Wednesday, March 9, 2011
Class 14 Take Aways
Small is Beautiful
This class completed our segment on game theory in practice. It also marks the end of the first half of the course. In this unit, we learned how a "small is beautiful" strategy can allow an entrant to prosper even if it lacks any form of competitive advantage whatsoever. The key is the correct marketing mix---targeting only a subsegment of consumers and charging prices much lower than the incumbent. The strategy works because the incumbent lacks the flexibility to price discriminate between targeted and untargeted customers. It's another example of how outward thinking can create new uses for standard tools (like targeting).
Formally, the entrant looks forward and reasons back. It's targeting and pricing strategy determine the "game" played by the incumbent. In this game, the entrant wants the incumbent to accommodate (so it needs to both make fighting costly by setting a low price and accommodating relatively painless by not targeting too many customers. Here, the marketing mix is for the benefit of the rival, not as a means to capture value from consumers.

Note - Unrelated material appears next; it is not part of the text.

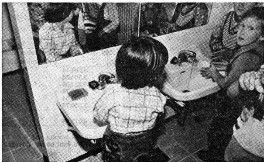
Tabela 5: Mesečni skupni življenjski stroški za otroka v oktobru 1982 glede na vrsto varstva

Mesečni materialni življenjski stroški za predšolskega otroka, ki je v varstvu v VVO, so znašali v oktobru 1982 3.999,81 din, za otroka, ki je v zasebnem družinskem varstvu, pa 4.065,70 din. Tako v prvem kot v slednjem primeru so za 35% višji kot v oktobru lani.

When does this strategy fail? It obviously fails if the incumbent can price discriminate. It also fails if the entrant cannot commit to stay small. Imagine a longer game where the entrant can increase its targeting in each period. In that game, the incumbent might well decide to crush the entrant early, even though this fight is more costly than accommodating in the short run, simply to head off the entrant growing larger in the future.
The small is beautiful strategy is closely tied to the puppy dog ploy we saw earlier. In both cases, the idea was to be as non-threatening as possible so as to avoid provoking an aggressive response.